● **WHAT YOU WILL DO**: Could you restate word for word only the lines below from the one holding "Household creative cute" to the one holding "卡皮巴拉超软握防起茧按动中性笔高颜值专用顺滑速干顺滑刷题笔", inclusive, and leave out the pictures?

[[ MATERIAL FOR THIS EXERCISE open ]]

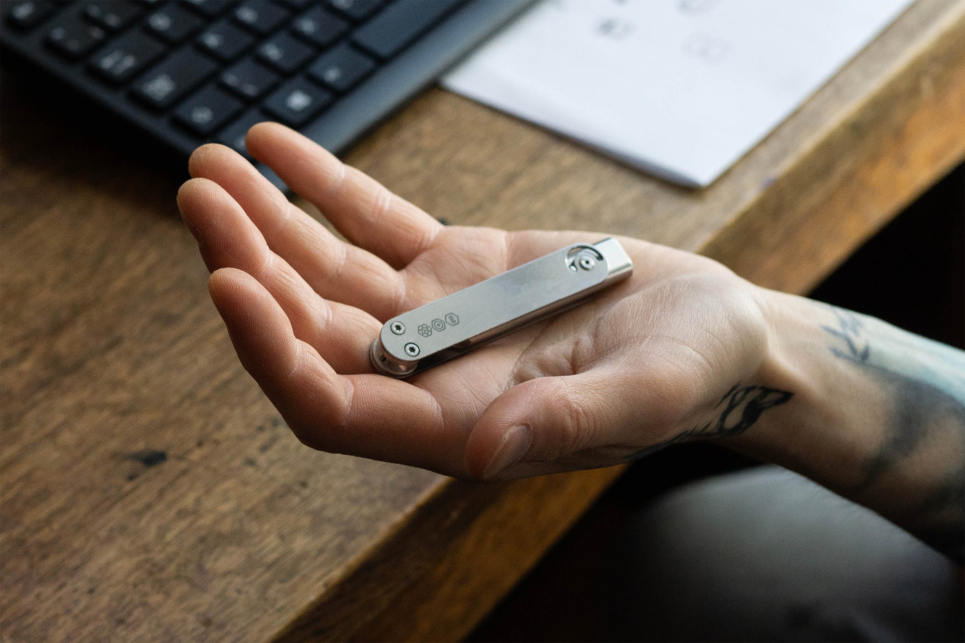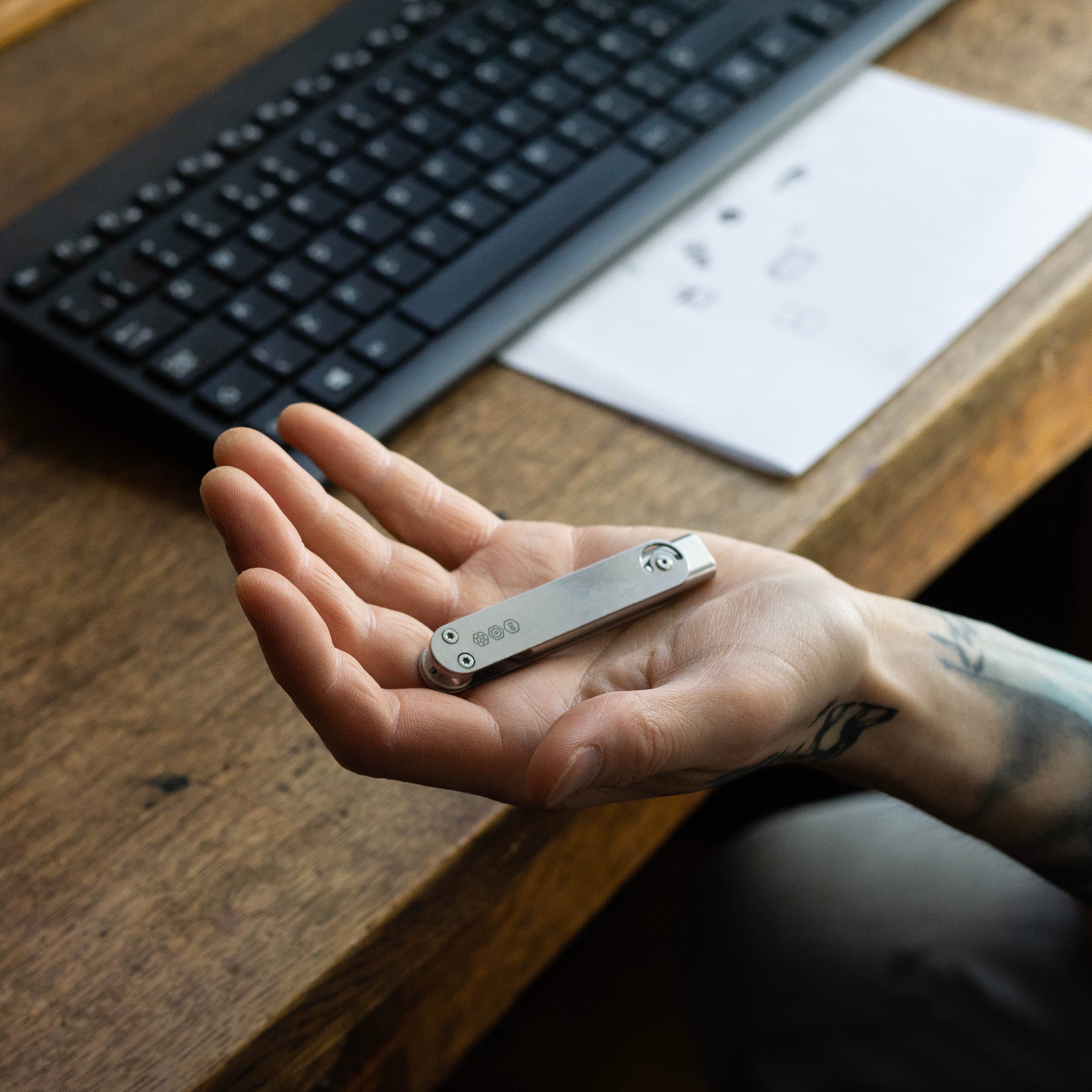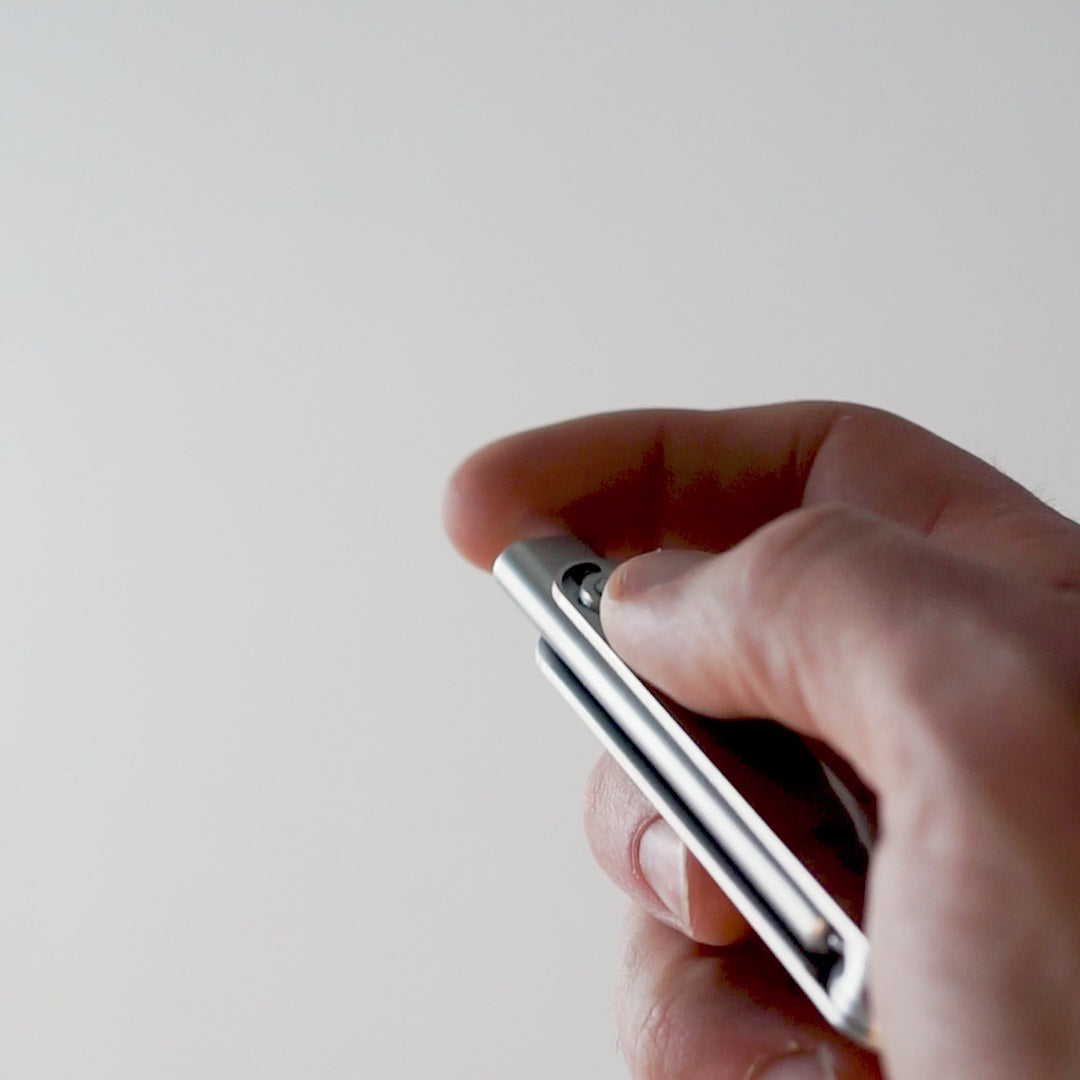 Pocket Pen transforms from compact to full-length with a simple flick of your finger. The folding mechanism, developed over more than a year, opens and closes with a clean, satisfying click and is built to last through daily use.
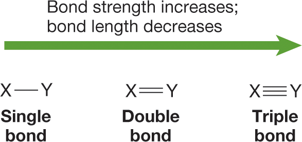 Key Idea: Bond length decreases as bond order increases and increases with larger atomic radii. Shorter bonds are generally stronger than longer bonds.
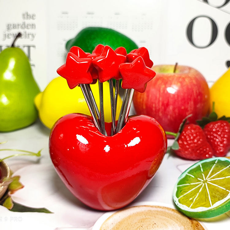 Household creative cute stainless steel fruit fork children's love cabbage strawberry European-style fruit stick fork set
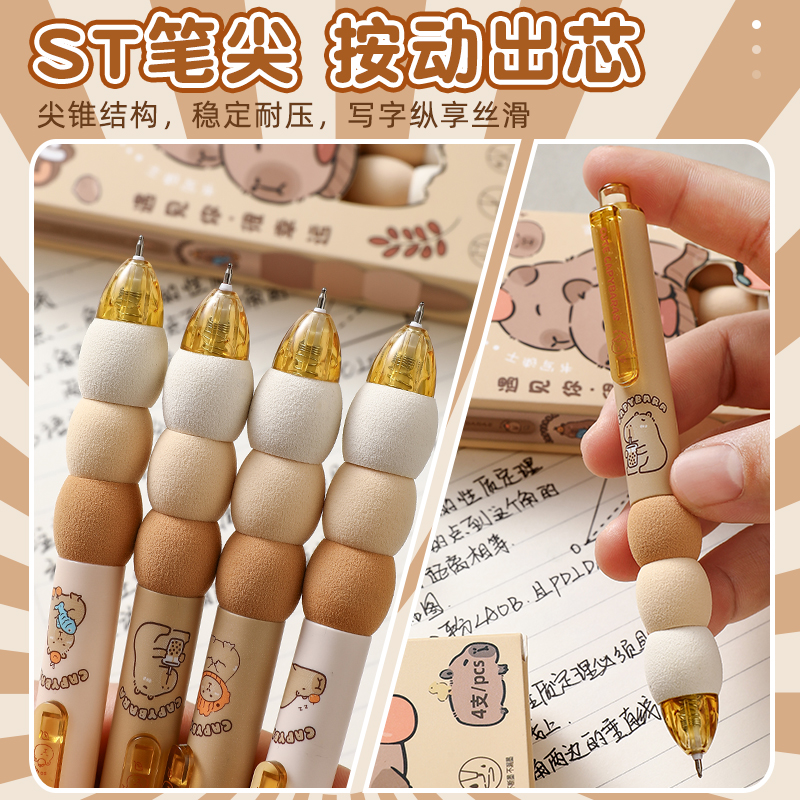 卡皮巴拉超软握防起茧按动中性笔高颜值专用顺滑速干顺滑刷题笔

[[ MATERIAL FOR THIS EXERCISE closed ]]
[[ MATERIAL FOR THIS EXERCISE open ]]

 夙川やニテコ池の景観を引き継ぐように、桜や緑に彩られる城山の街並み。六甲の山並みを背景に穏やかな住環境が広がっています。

[[ MATERIAL FOR THIS EXERCISE closed ]]

● **TASK OUTPUT**:
 Household creative cute stainless steel fruit fork children's love cabbage strawberry European-style fruit stick fork set
 卡皮巴拉超软握防起茧按动中性笔高颜值专用顺滑速干顺滑刷题笔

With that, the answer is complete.